One might demolish their home, deny them water – but there are also petty, sneaky and winding ways to do it within the law, as it were, that are no less cruel because they impact one’s livelihood and the ability of one’s family to survive.
One of these ways if the sequestering of vehicles. When a Jewish Israeli breaks the law he is fined. There is no way a policeman would sequester your car because you crossed a red light, even if you put the lives of others at risk. When a Palestinian commits the slightest violation, bam! The car is gone, the tractor is sequestered, the truck is removed. Moreover, even if the Palestinian has not committed any violation, the confiscation will take place because he faces armed soldiers who have not the slightest knowledge of the law (perhaps it doesn’t really occupy their creative mind) and he cannot even explain and prove his innocence because they do not speak the same language. The woman-officer-commander says “I’m in charge here” and he is supposed to shut up, swallow his bile, knowing that tomorrow he will not be able to bring his children food nor his lambs water. He will not be able to deliver the fruit of his land, for woe be it if he tries to resist and stop them. “Attacking soldiers!” the Cossack will cry out.
This is what has been going on for the past week in the Palestinian Jordan Valley. In Bardala (an agricultural vehicle purchased lawfully from Israelis for whom it is too dated), in ‘Atuf (firing zone, in the heart of Area A!), in En Al Hilwa – dozens of tractors, vehicles and truck have been sequestered.
And this is what happened on Wednesday: 4 soldiers decided to confiscated two tractors that were parked within the compound of a Palestinian encampment. They were parked. Not moving, God forbid. Their license ran out two months ago because their owners cannot afford a new one. So the tractors were standing motionless in the yard. And a very old jalopy, too actually registered lawfully.
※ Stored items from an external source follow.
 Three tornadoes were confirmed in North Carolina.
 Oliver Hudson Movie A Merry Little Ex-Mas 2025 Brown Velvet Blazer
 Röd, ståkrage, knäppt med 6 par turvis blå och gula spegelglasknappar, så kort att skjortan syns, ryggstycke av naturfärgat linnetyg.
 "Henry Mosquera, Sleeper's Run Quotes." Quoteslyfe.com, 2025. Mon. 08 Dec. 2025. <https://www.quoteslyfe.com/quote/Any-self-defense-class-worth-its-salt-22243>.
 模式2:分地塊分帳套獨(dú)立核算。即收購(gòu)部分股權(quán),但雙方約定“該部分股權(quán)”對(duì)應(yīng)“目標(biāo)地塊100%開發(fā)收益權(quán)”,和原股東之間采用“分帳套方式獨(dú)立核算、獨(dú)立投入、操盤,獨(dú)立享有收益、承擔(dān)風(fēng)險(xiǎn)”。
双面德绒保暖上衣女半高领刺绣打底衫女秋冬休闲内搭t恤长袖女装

The Palestinians explained, the soldiers did not understand them, and even after I translated, nothing changed for the soldiers are in charge, they are armed, strutting around with their rifles drawn, their finger on the trigger, spitting their orders over the Palestinians’ heads.
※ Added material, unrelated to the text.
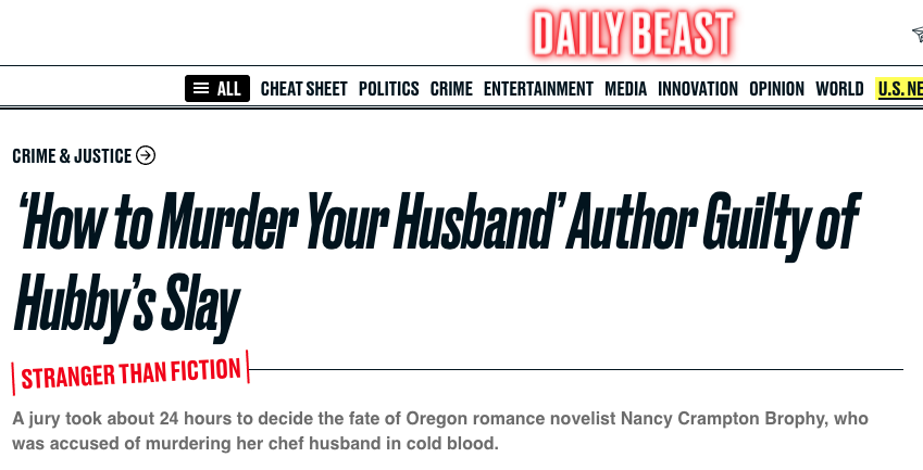 В США писательницу и автора эссе "Как убить мужа" Нэнси Крэмптон-Брофи признали виновной в убийстве мужа. Преступление она совершила в 2017 году, а эссе написала за 6 лет до этого.
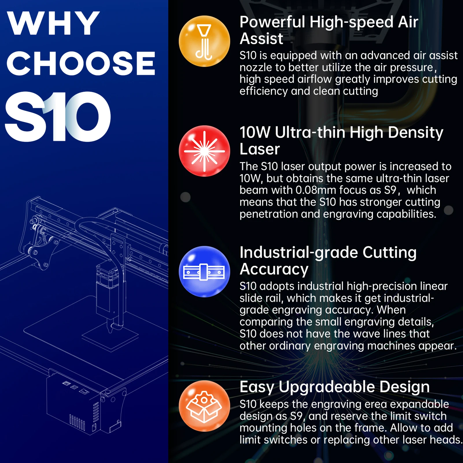 Выходная мощность лазера S10 увеличена до 10 Вт, что в два раза больше, чем у S9. Но S10 получает один и тот же ультра-тонкий лазерный луч с 0,08 мм основное направление деятельности в S9, что означает, что S10 обладает более высокой плотности энергии, более резка проникновения и гравировка возможностей.

After 4 hours during which one of the Palestinians was shackled for trying to prevent his car from being towed away, deep into the night, after 20 soldiers and a more senior commander were alerted there, and after I summoned the police and had to sit on the front of the tractor in order to prevent its being taken away too, a short investigation showed there was absolutely no legal grounds for such confiscation – neither of the car nor of the tractors.
And had there been no Israeli women-activists present? The two tractors and the car would have been towed away. All the Palestinians’ protests and explanation would have fallen on deaf ears. And then the confiscation would last a month or two and the Palestinians would have to pay a steep fine (thousands of shekels) in order to release them. And who has the money to turn to an Israeli court of justice to prove there is no ground for this act, and anyway they have no chances in such a court anyway.
And thus one act of confiscation follows another, one fine after another, and a poor farmer whose entire livelihood rests on goat cheese finances the State of Israel out of the basic bread of his children. Until he finally sees the light and leaves – that is the cherished hope of occupiers.